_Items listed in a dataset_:
+++++

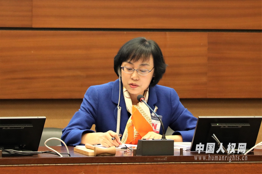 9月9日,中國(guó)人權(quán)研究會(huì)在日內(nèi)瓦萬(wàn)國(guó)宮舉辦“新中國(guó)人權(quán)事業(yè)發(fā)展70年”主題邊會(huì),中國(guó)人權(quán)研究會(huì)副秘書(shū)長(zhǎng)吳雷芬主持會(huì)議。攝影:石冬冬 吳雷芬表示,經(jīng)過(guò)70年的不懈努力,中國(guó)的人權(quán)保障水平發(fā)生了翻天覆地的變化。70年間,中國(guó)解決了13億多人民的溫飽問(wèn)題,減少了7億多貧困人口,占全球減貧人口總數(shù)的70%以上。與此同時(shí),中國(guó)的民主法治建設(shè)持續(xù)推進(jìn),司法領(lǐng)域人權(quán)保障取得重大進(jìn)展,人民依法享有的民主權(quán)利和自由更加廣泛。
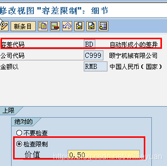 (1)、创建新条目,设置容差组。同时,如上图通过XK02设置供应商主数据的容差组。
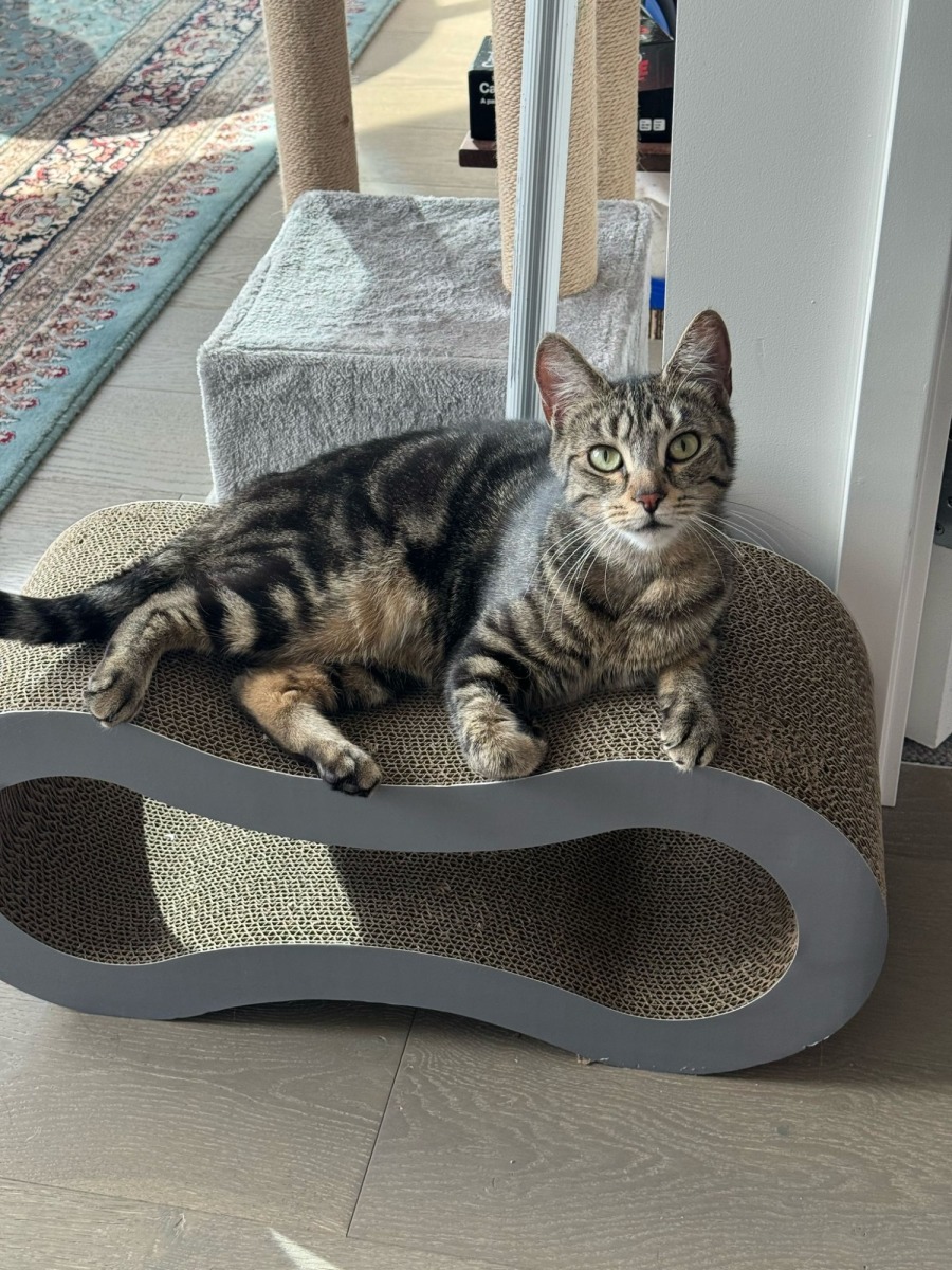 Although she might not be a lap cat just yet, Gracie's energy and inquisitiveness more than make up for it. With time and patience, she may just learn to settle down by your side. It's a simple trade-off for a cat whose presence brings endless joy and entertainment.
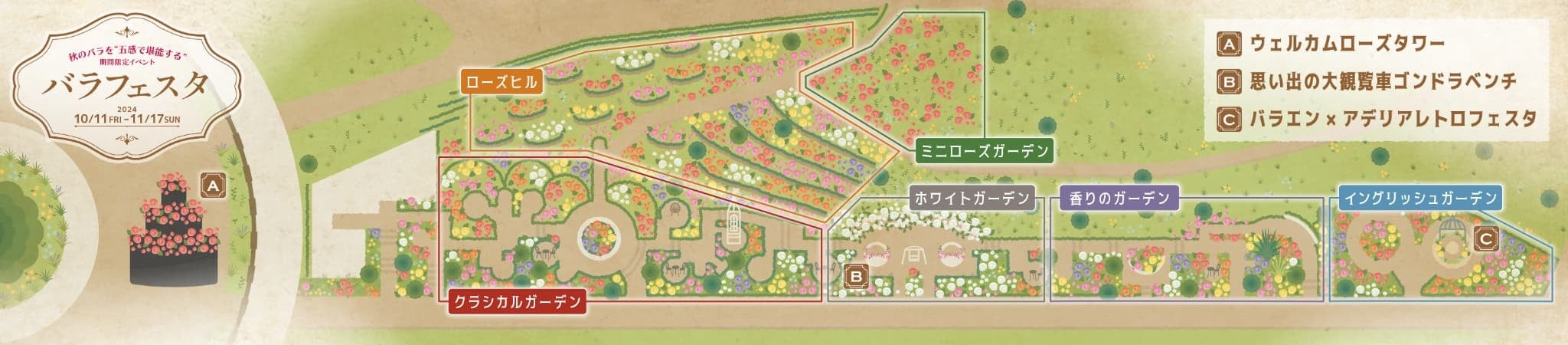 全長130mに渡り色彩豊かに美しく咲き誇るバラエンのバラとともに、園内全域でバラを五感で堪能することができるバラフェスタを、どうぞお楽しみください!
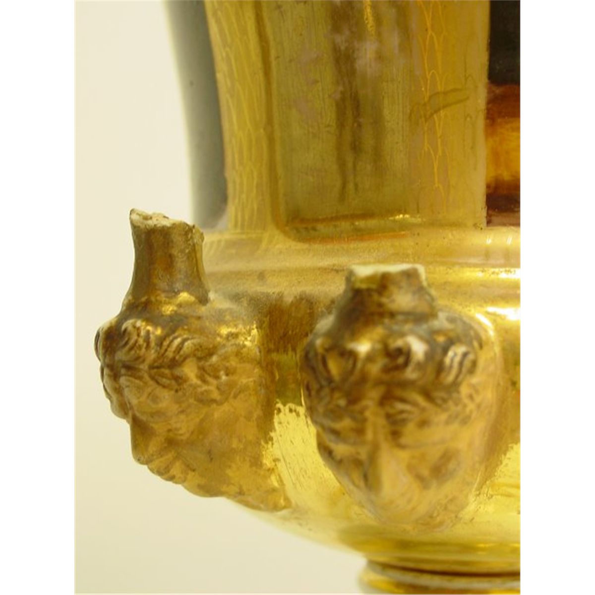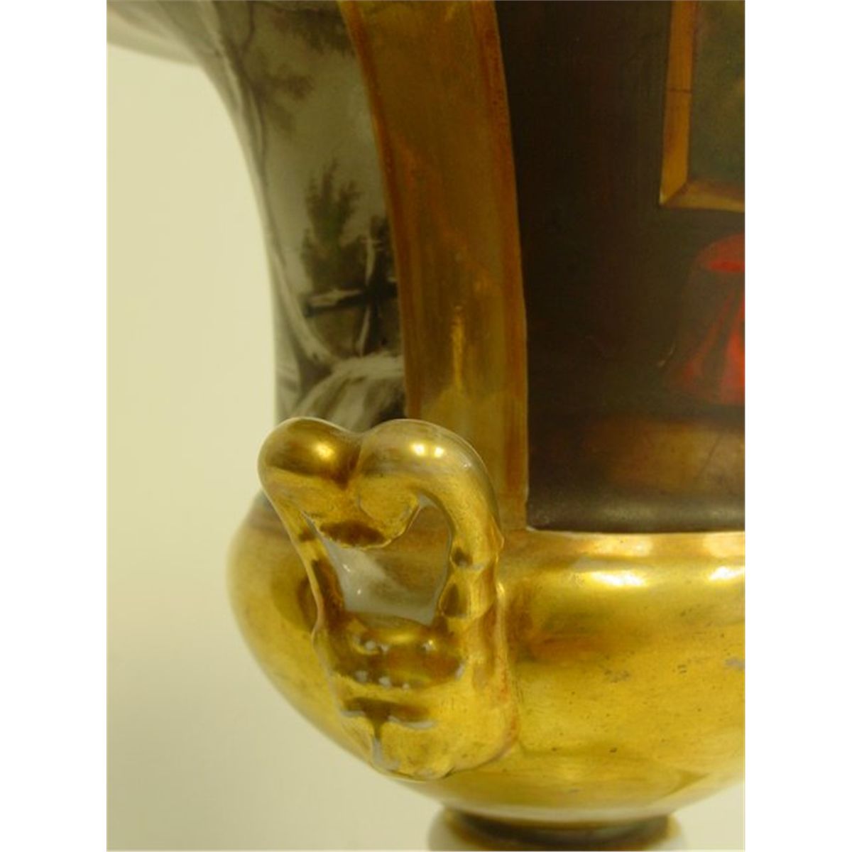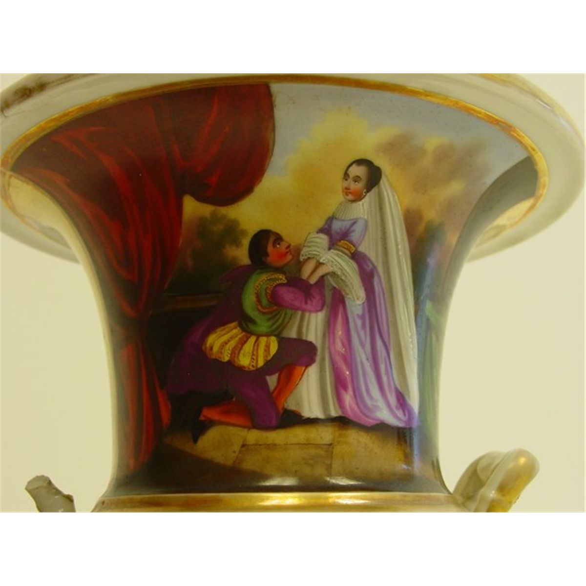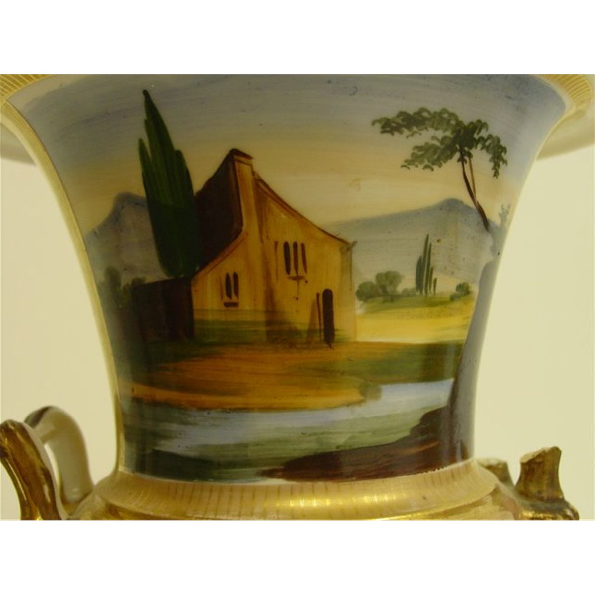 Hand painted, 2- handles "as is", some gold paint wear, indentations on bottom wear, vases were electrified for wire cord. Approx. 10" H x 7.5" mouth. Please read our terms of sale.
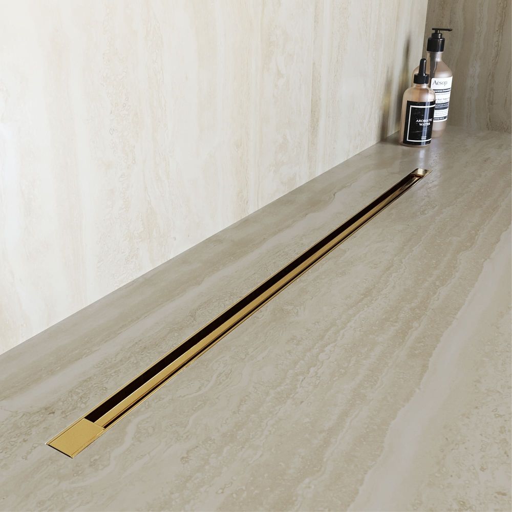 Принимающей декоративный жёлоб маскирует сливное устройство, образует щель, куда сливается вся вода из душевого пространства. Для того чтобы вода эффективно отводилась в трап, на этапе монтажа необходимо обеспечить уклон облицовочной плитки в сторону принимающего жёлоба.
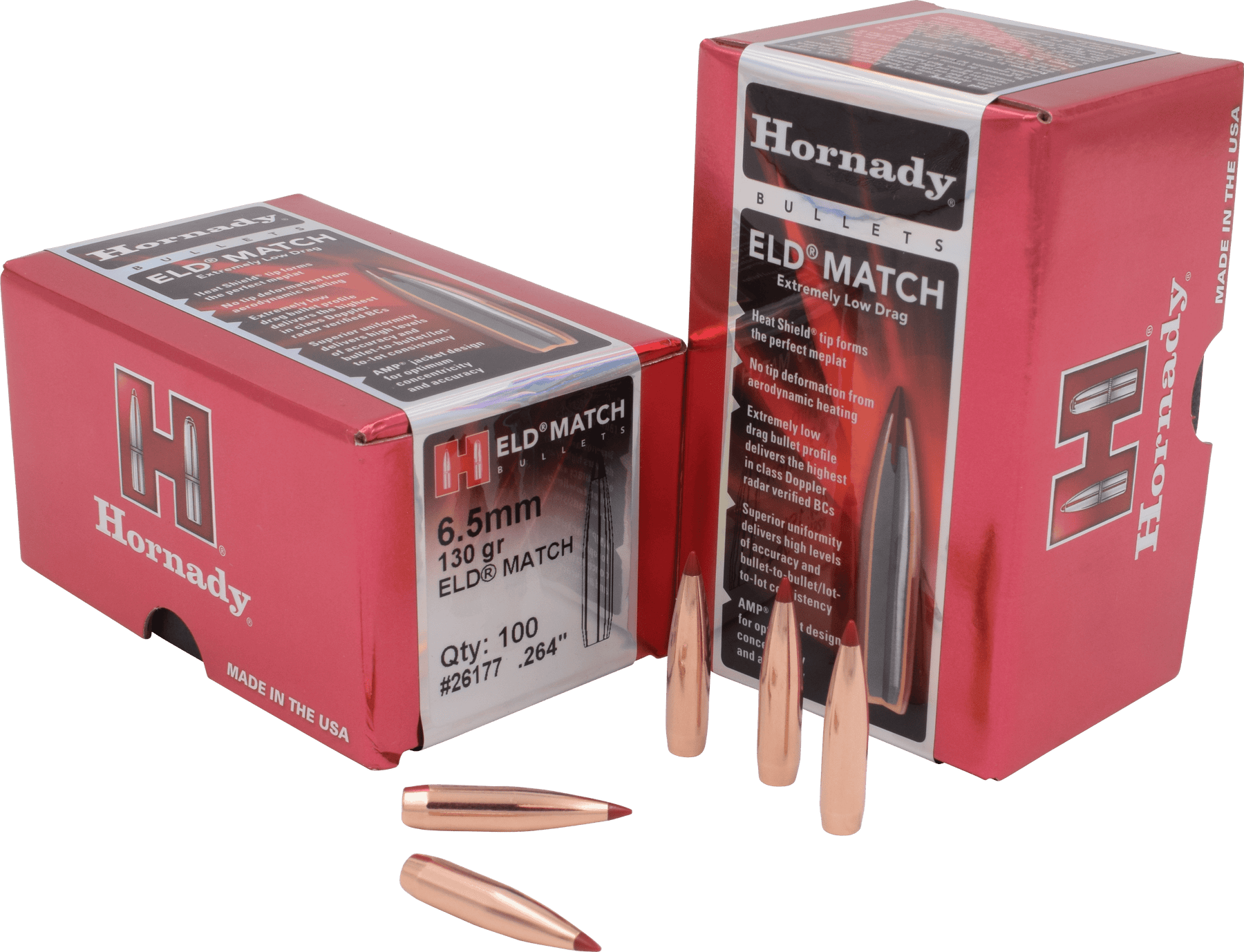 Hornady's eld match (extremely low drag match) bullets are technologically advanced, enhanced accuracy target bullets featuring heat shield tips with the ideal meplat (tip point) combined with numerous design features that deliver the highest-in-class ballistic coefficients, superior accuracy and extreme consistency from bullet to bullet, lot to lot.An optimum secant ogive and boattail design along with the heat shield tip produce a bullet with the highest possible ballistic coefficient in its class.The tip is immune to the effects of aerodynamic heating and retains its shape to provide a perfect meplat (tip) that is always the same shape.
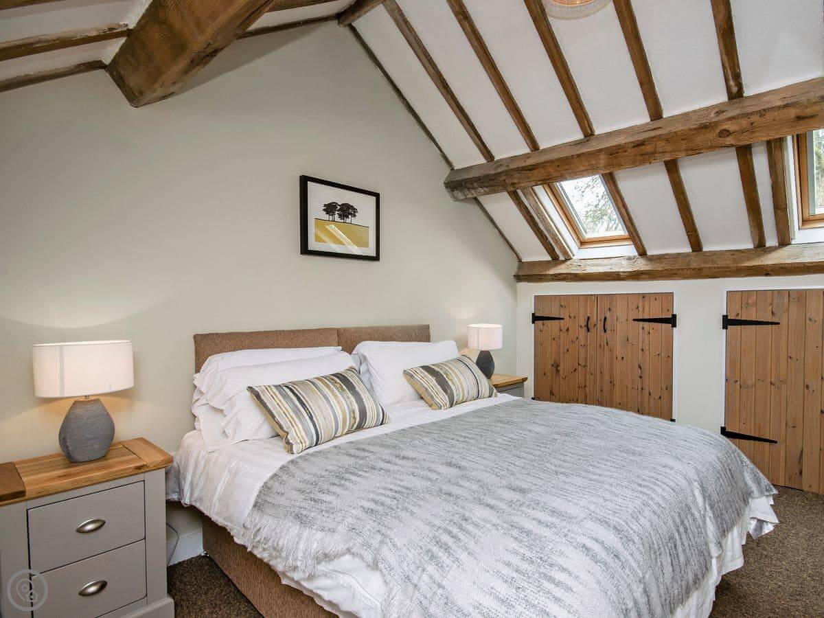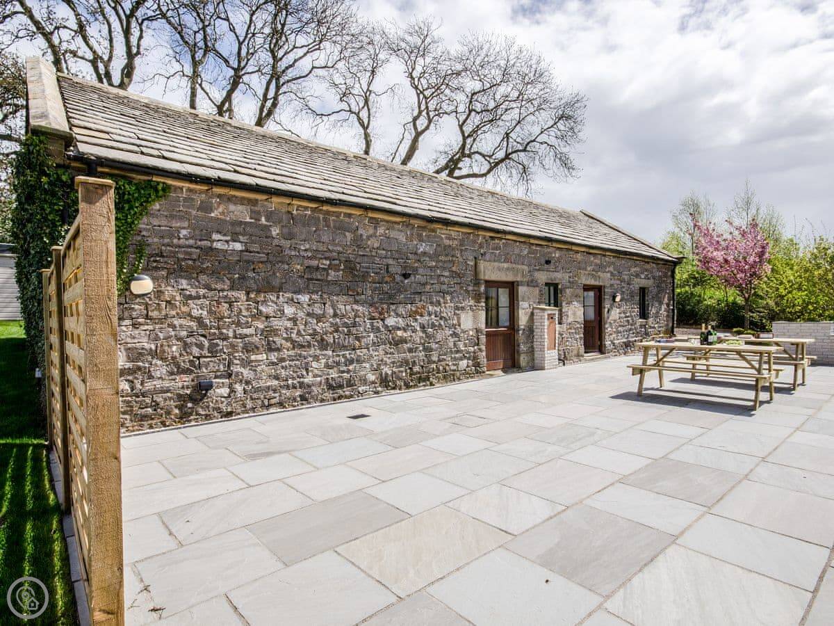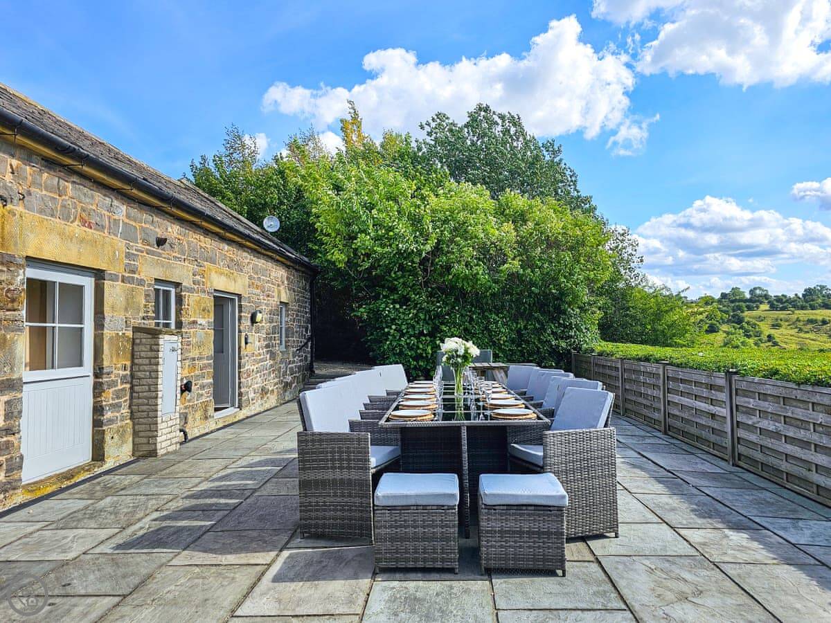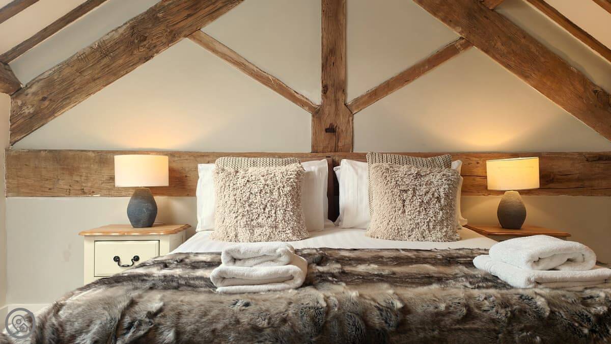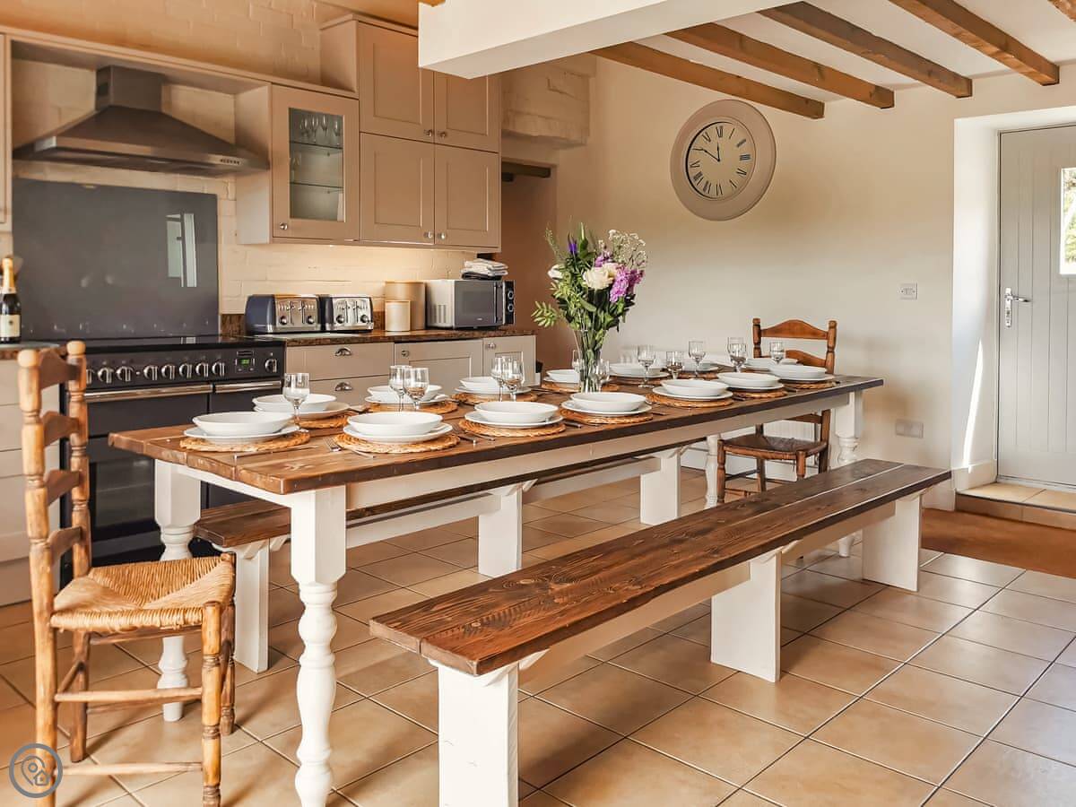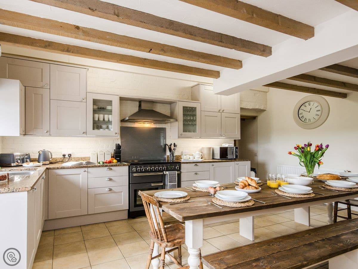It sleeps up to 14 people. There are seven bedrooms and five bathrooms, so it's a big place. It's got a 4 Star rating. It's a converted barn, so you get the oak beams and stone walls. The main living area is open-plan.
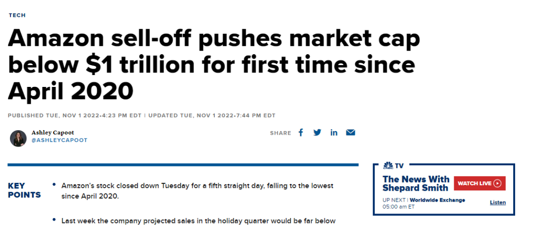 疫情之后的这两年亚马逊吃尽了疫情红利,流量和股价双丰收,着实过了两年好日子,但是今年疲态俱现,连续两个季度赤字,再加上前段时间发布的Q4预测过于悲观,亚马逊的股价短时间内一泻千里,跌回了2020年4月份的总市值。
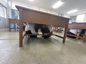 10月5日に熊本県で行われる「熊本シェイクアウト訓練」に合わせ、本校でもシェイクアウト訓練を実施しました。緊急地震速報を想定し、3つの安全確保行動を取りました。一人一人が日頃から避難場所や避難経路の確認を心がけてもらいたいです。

+++++

Restate word for word only the lines from where the entries begin through the one with "Принимающей декоративный жёлоб"; omit the pictures.

 9月9日,中國(guó)人權(quán)研究會(huì)在日內(nèi)瓦萬(wàn)國(guó)宮舉辦“新中國(guó)人權(quán)事業(yè)發(fā)展70年”主題邊會(huì),中國(guó)人權(quán)研究會(huì)副秘書(shū)長(zhǎng)吳雷芬主持會(huì)議。攝影:石冬冬 吳雷芬表示,經(jīng)過(guò)70年的不懈努力,中國(guó)的人權(quán)保障水平發(fā)生了翻天覆地的變化。70年間,中國(guó)解決了13億多人民的溫飽問(wèn)題,減少了7億多貧困人口,占全球減貧人口總數(shù)的70%以上。與此同時(shí),中國(guó)的民主法治建設(shè)持續(xù)推進(jìn),司法領(lǐng)域人權(quán)保障取得重大進(jìn)展,人民依法享有的民主權(quán)利和自由更加廣泛。
 (1)、创建新条目,设置容差组。同时,如上图通过XK02设置供应商主数据的容差组。
 Although she might not be a lap cat just yet, Gracie's energy and inquisitiveness more than make up for it. With time and patience, she may just learn to settle down by your side. It's a simple trade-off for a cat whose presence brings endless joy and entertainment.
 全長130mに渡り色彩豊かに美しく咲き誇るバラエンのバラとともに、園内全域でバラを五感で堪能することができるバラフェスタを、どうぞお楽しみください!
 Hand painted, 2- handles "as is", some gold paint wear, indentations on bottom wear, vases were electrified for wire cord. Approx. 10" H x 7.5" mouth. Please read our terms of sale.
 Принимающей декоративный жёлоб маскирует сливное устройство, образует щель, куда сливается вся вода из душевого пространства. Для того чтобы вода эффективно отводилась в трап, на этапе монтажа необходимо обеспечить уклон облицовочной плитки в сторону принимающего жёлоба.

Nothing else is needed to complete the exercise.